**EXERCISE DESCRIPTION:** Begin at the line containing "学費・経済的負担については2" in the records below, end at the line containing "I detergenti liquidi", and retype each line in that span exactly. No other line and no image should appear.

**DATA FOR REVIEW:**
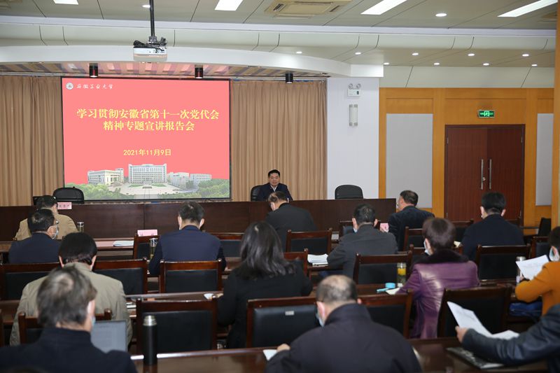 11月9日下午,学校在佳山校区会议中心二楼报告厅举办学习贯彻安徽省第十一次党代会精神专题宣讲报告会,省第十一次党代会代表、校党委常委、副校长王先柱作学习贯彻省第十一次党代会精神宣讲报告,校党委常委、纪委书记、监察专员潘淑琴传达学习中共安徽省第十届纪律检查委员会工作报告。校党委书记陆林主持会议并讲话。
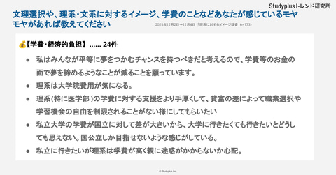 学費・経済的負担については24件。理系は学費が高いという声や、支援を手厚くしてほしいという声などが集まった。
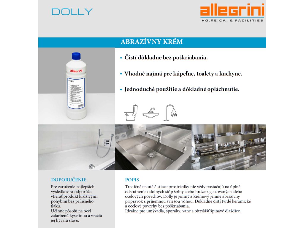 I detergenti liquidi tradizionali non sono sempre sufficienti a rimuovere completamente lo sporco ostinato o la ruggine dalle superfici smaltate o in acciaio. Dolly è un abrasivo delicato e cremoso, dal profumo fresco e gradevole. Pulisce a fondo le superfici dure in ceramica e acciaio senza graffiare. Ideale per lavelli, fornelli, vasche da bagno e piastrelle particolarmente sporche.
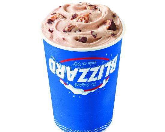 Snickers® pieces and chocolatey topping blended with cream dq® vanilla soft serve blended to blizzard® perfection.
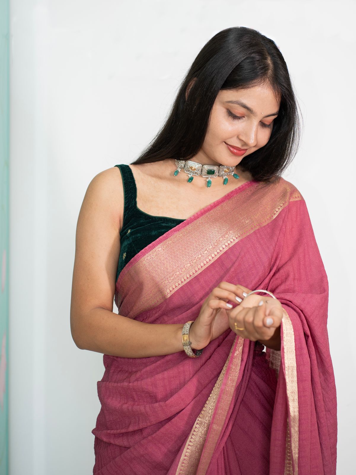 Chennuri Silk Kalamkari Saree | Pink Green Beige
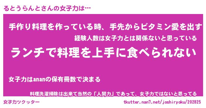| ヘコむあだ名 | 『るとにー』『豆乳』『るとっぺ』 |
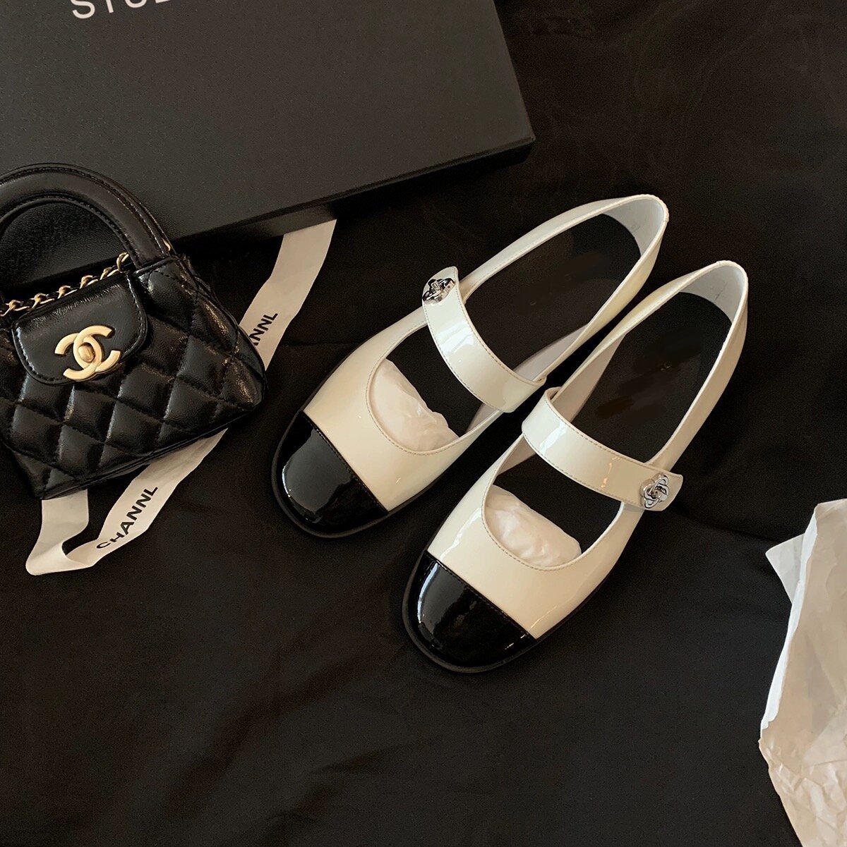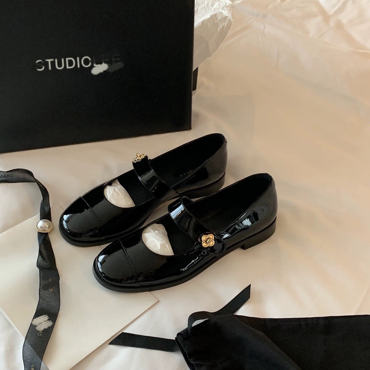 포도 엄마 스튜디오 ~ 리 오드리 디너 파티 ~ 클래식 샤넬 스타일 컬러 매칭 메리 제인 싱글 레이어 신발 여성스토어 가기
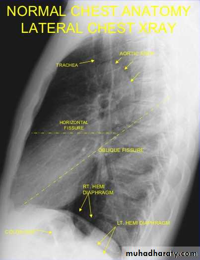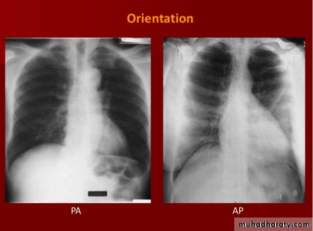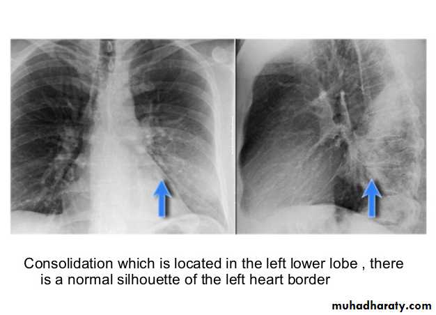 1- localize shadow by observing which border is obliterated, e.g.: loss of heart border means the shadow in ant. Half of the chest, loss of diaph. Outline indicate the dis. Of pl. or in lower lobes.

**ANSWER TO THE EXERCISE:**
 学費・経済的負担については24件。理系は学費が高いという声や、支援を手厚くしてほしいという声などが集まった。
 I detergenti liquidi tradizionali non sono sempre sufficienti a rimuovere completamente lo sporco ostinato o la ruggine dalle superfici smaltate o in acciaio. Dolly è un abrasivo delicato e cremoso, dal profumo fresco e gradevole. Pulisce a fondo le superfici dure in ceramica e acciaio senza graffiare. Ideale per lavelli, fornelli, vasche da bagno e piastrelle particolarmente sporche.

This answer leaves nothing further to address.